> [WORK ORDER]: Reproduce the listing in full, exactly as written, but without images.

> [INPUT MATERIAL]:
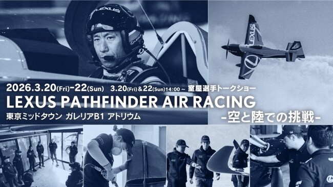 LEXUSとエアレース・パイロット室屋義秀選手が、空と陸の境界線を越えて共創活動をしているエアレースチーム「LEXUS PATHFINDER AIR RACING」は、2026年3月20日(金)~22日(日)の3日間 「LEXUS PATHFINDER AIR RACING -空と陸での挑戦-」を東京ミッドタウン(六本木)ガレリアB1アトリウム イベントスペースにて開催します。
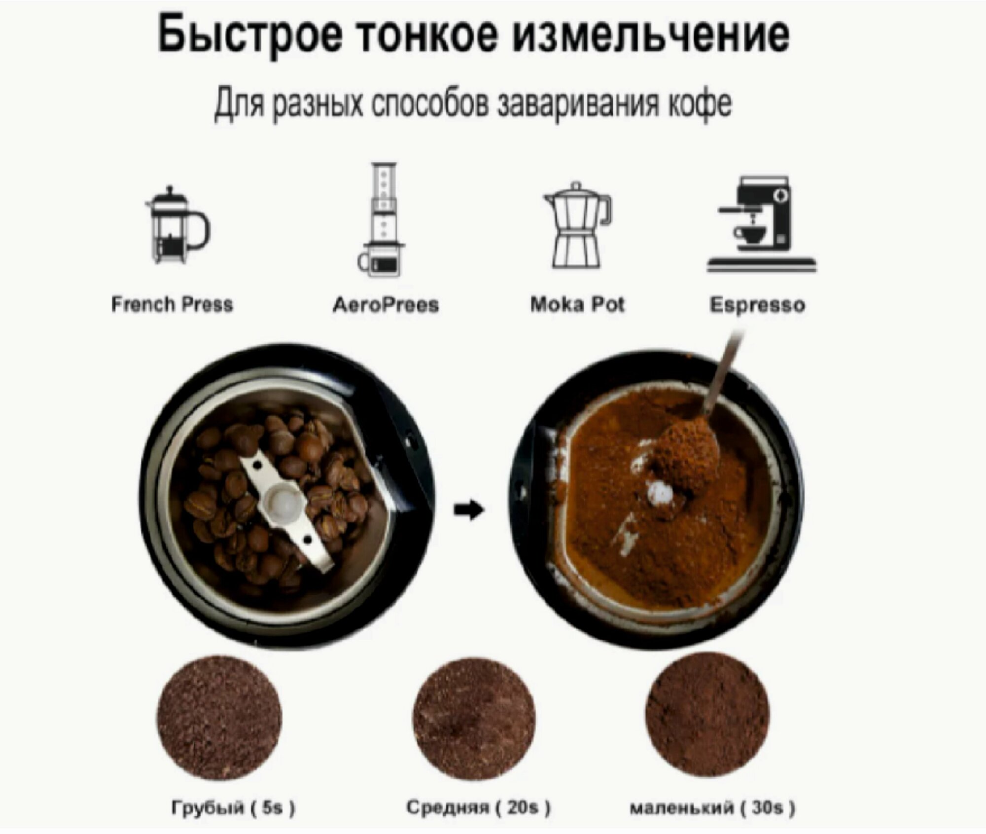 | Дополнительная информация | Эта кофемолка обладает вместимостью в 50 грамм, а ее лезвия изготовлены из нержавеющей стали, что гарантирует долгий срок службы и высокую эффективность измельчения кофейных зерен. Безопасность использования продукта обеспечивается встроенной системой, которая позволяет кофемолке работать только при надежно установленной крышке. Это исключает возможность случайных травм и обеспечивает безопасное и удобное приготовление свежего кофе. |
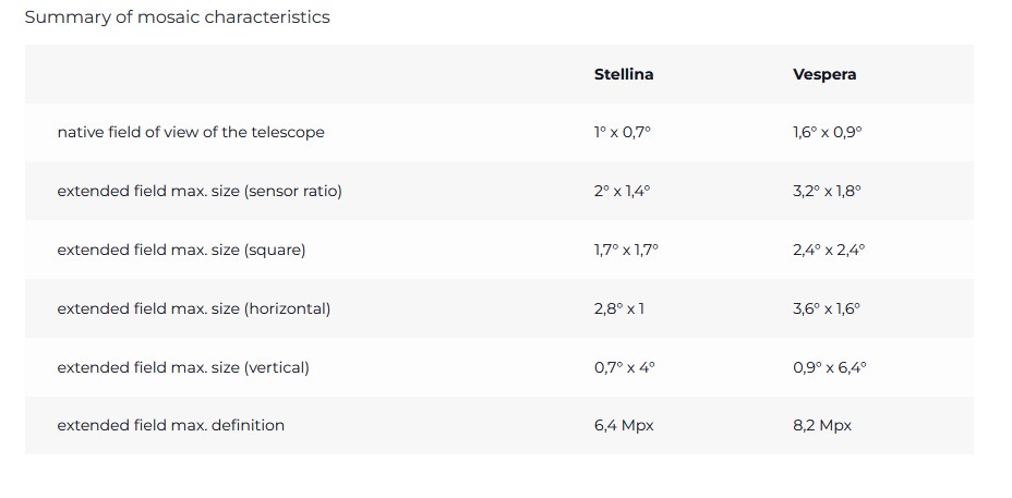 Vespera hyötyy mahdollisuudesta ottaa kuvia korkeammalla resoluutiolla kuin anturin resoluutio, jopa 8,2 megapikseliä mosaiikkitilan ansiosta. Kuvakentän Maksimi koko 3,2° x 1,8°
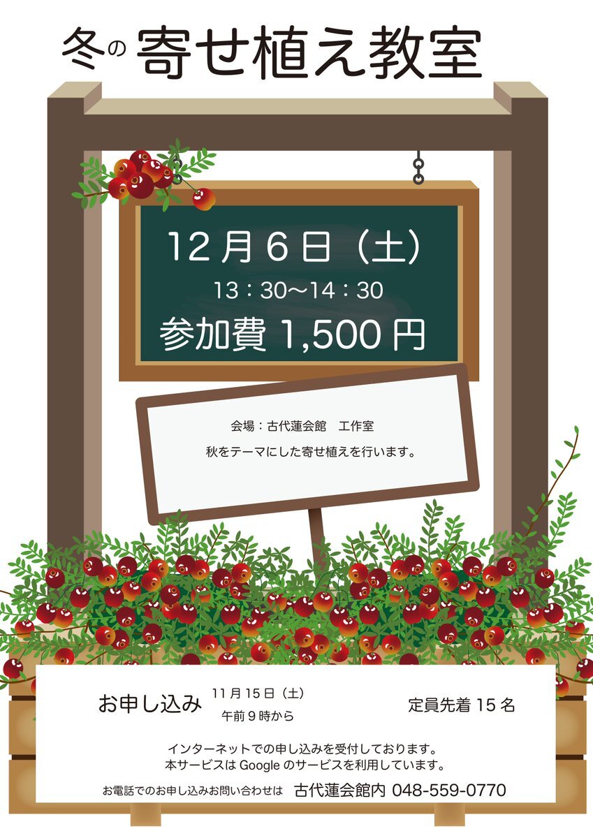 【冬の寄せ植え講座のお知らせ】 日時 2025年12月6日(土)13:30~14:30 冬の植物を生かして、寄せ植えを作ります。 申し込み受付中です。 詳細はHPをご確認ください。 ikiiki-zaidan.or.jp/kodaihasu/even… #行田 #古代蓮の里 #冬の寄せ植え pic.x.com/Eez38Mkkba
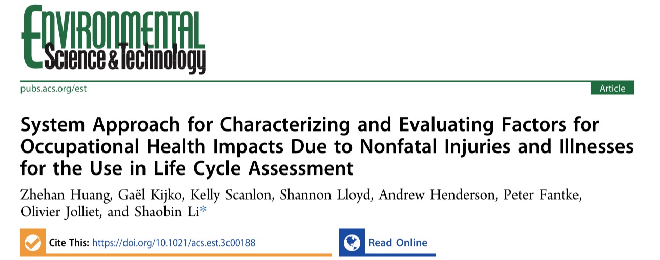Huang, Z., Kijko, G., Scanlon, K., Lloyd, S., Henderson, A., Fantke, P., Jolliet, O., Li, S., 2023. “System approach for characterizing and evaluating factors for occupational health impacts due to nonfatal injuries and illnesses for the use in life cycle assessment.” Environmental Science & Technology, https://pubs.acs.org/doi/10.1021/acs.est.3c00188

> [ANSWER SPACE]:
 LEXUSとエアレース・パイロット室屋義秀選手が、空と陸の境界線を越えて共創活動をしているエアレースチーム「LEXUS PATHFINDER AIR RACING」は、2026年3月20日(金)~22日(日)の3日間 「LEXUS PATHFINDER AIR RACING -空と陸での挑戦-」を東京ミッドタウン(六本木)ガレリアB1アトリウム イベントスペースにて開催します。
 | Дополнительная информация | Эта кофемолка обладает вместимостью в 50 грамм, а ее лезвия изготовлены из нержавеющей стали, что гарантирует долгий срок службы и высокую эффективность измельчения кофейных зерен. Безопасность использования продукта обеспечивается встроенной системой, которая позволяет кофемолке работать только при надежно установленной крышке. Это исключает возможность случайных травм и обеспечивает безопасное и удобное приготовление свежего кофе. |
 Vespera hyötyy mahdollisuudesta ottaa kuvia korkeammalla resoluutiolla kuin anturin resoluutio, jopa 8,2 megapikseliä mosaiikkitilan ansiosta. Kuvakentän Maksimi koko 3,2° x 1,8°
 【冬の寄せ植え講座のお知らせ】 日時 2025年12月6日(土)13:30~14:30 冬の植物を生かして、寄せ植えを作ります。 申し込み受付中です。 詳細はHPをご確認ください。 ikiiki-zaidan.or.jp/kodaihasu/even… #行田 #古代蓮の里 #冬の寄せ植え pic.x.com/Eez38Mkkba
Huang, Z., Kijko, G., Scanlon, K., Lloyd, S., Henderson, A., Fantke, P., Jolliet, O., Li, S., 2023. “System approach for characterizing and evaluating factors for occupational health impacts due to nonfatal injuries and illnesses for the use in life cycle assessment.” Environmental Science & Technology, https://pubs.acs.org/doi/10.1021/acs.est.3c00188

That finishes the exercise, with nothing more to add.